Oral hairy leukoplakia is thought to be mediated by the intense replication of the Epstein-Barr virus (EBV) and is fairly specific to the immunodeficient state caused by HIV disease. However, it has also been described in patients who are immunocompromised because of organ transplant or autoimmune disease and very rarely in those who are otherwise seemingly healthy. Oral hairy leukoplakia is almost exclusively seen in men who have sex with men. Its presence is generally a sign of moderate to severe HIV disease (with CD4+ cell counts of less than 300/µL) and can be considered a clinical marker for disease progression. AIDS can be expected to develop in up to 30% of such patients within 3 years.4,5
A presumptive clinical diagnosis can be made by the history and physical examination. A thorough medical and social history will often reveal the cause of immunosuppression. Unlike candidal infection, the lesions cannot be scraped off and are also unresponsive to antifungal therapy. When the diagnosis is unclear, a biopsy can be performed. A more definitive diagnosis can be made by in situ hybridization of EBV DNA.3
Treatment. Oral hairy leukoplakia has no malignant potential. It is generally not treated unless the patient experiences interference with speech, taste, or chewing or requests treatment for cosmesis. The disorder responds to topical retinoids or podophyllin. Oral antiviral agents, including acyclovir, zidovudine, ganciclovir, and foscarnet, may also be effective. Relapses are common once treatment is discontinued. The lesions also respond favorably during the course of highly active antiretroviral therapy, as the CD4+ cell count rises.3 Patients should be instructed to comply with regular dental and medical care regimens.

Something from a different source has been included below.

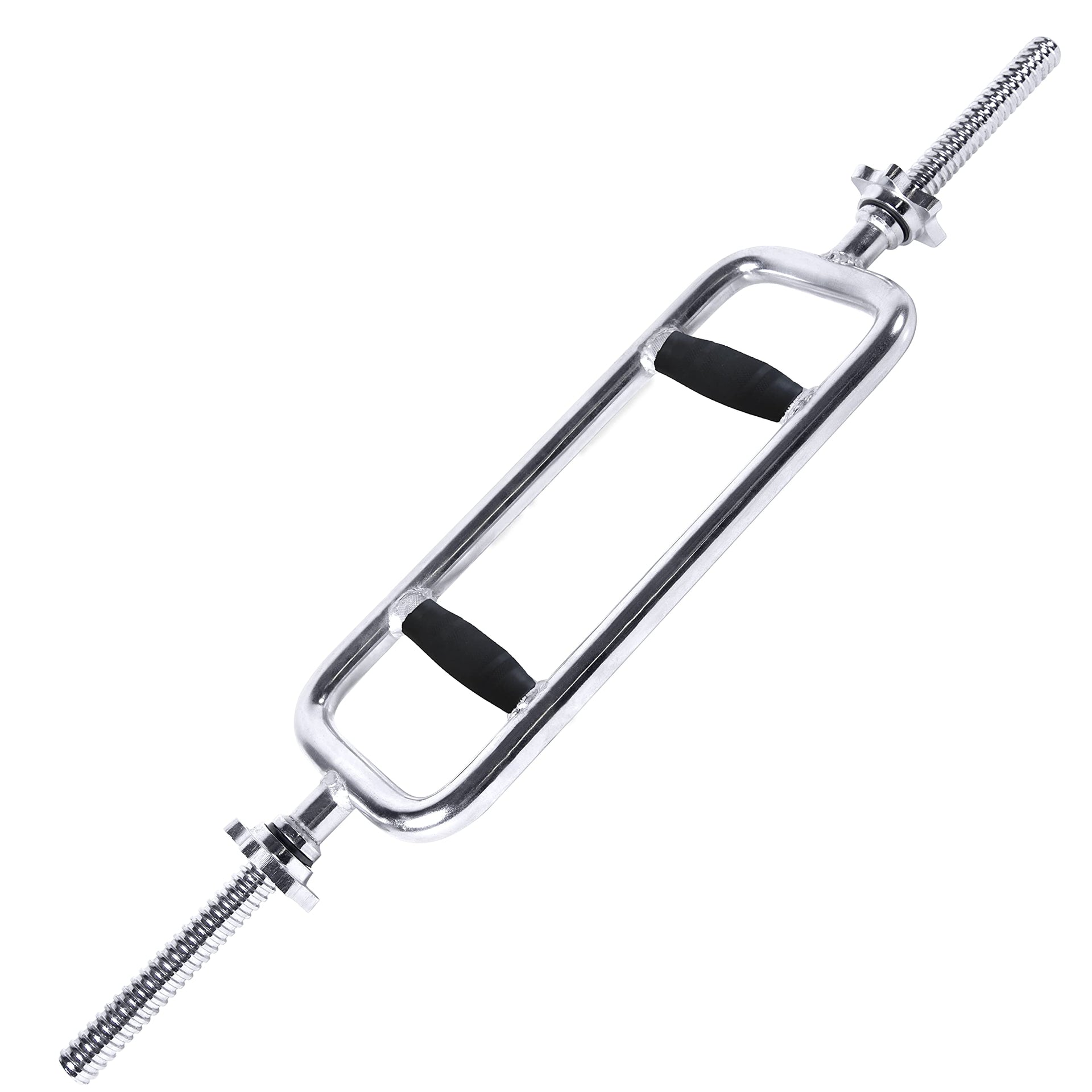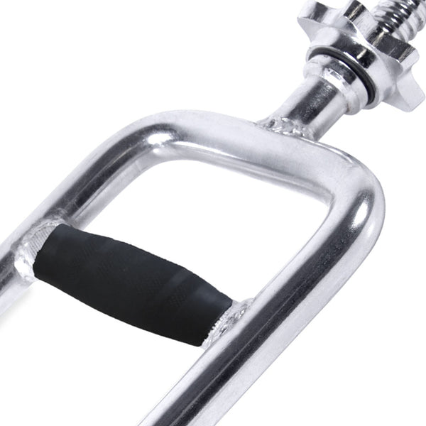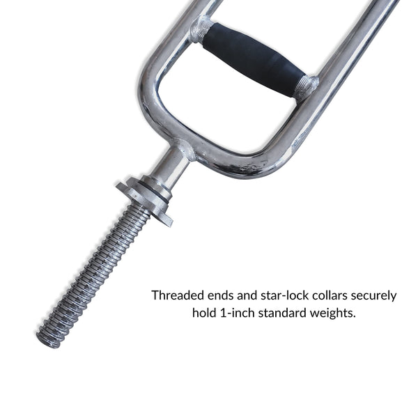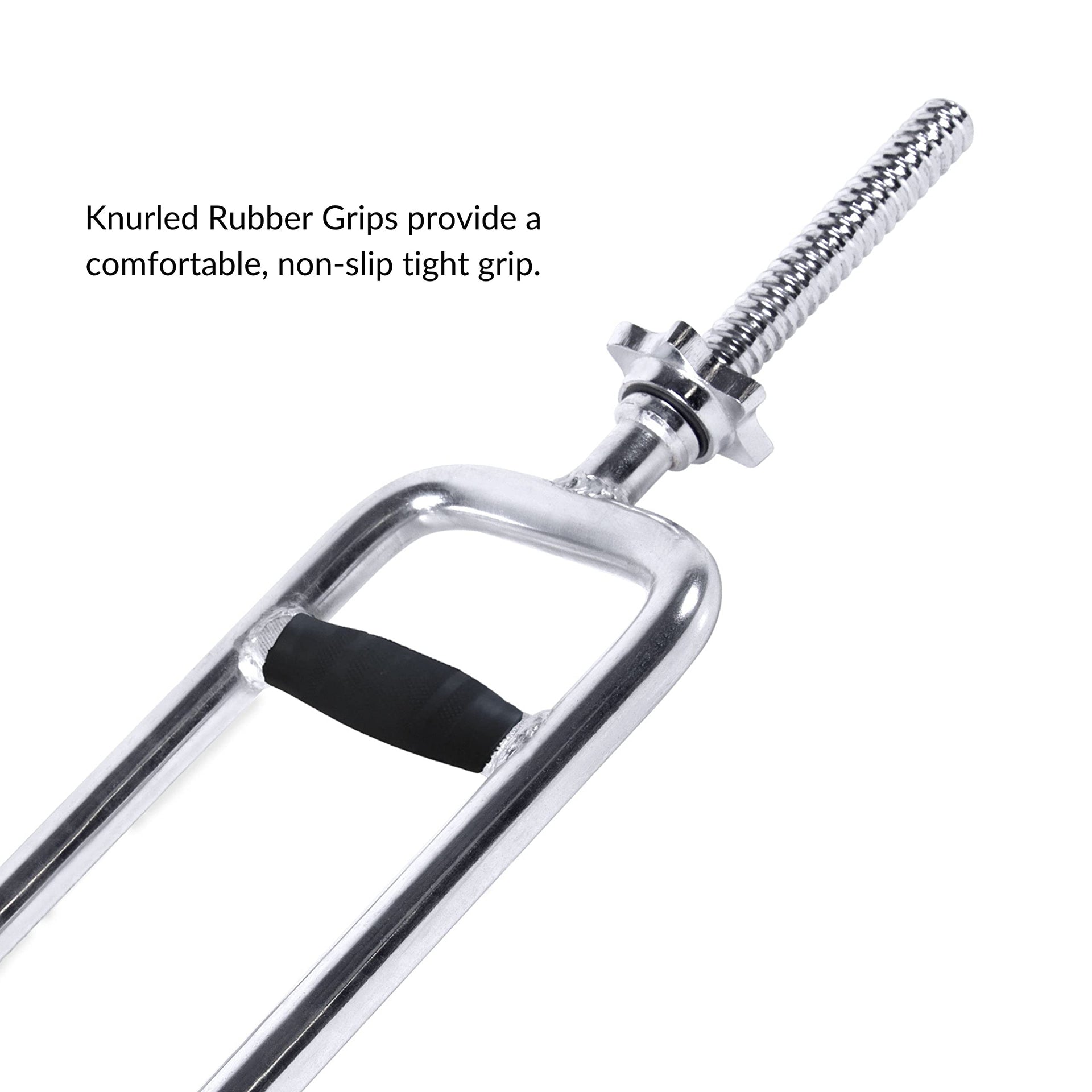 Target your triceps and upper body in comfort with CAP 34'' Regular Threaded Triceps Bar with Rubber Grips. This CAP Threaded Triceps Bar features rubber grips for a comfortable, non-slip grip. The threaded ends and star lock collars provide a secure load during your strength training routine. The solid steel construction and chrome finish protect the bar for long-lasting performance and durability. Built to accommodate 1-inch weight plates, this bar can hold a maximum weight capacity of 200lbs and has an 6-inch loadable sleeve length.

1. Reznik DA. Oral manifestations of HIV disease. Top HIV Med. 2005 Dec-2006 Jan;13(5):143-148.
2. Sifri R, Diaz VA Jr, Gordon L, et al. Oral health care issues in HIV disease: developing a core curriculum for primary care physicians. J Am Board Fam Pract. 1998;11(6):434-444.
3. Triantos D, Porter SR, Scully C, Teo CG. Oral hairy leukoplakia: clinicopathologic features, pathogenesis, diagnosis, and clinical significance. Clin Infect Dis. 1997;25(26):1392-1396.
4. Leigh JE, Shetty K, Fidel PL Jr. Oral opportunistic infections in HIV-positive individuals: review and role of mucosal immunity. AIDS Patient Care STDS. 2004;18(8):443-456.
5. Greenspan D, Greenspan JS, Hearst NG, et al. Relation of oral hairy leukoplakia to infection with human immunodeficiency virus and the risk of developing AIDS. J Infect Dis. 1987;155(3):475-481.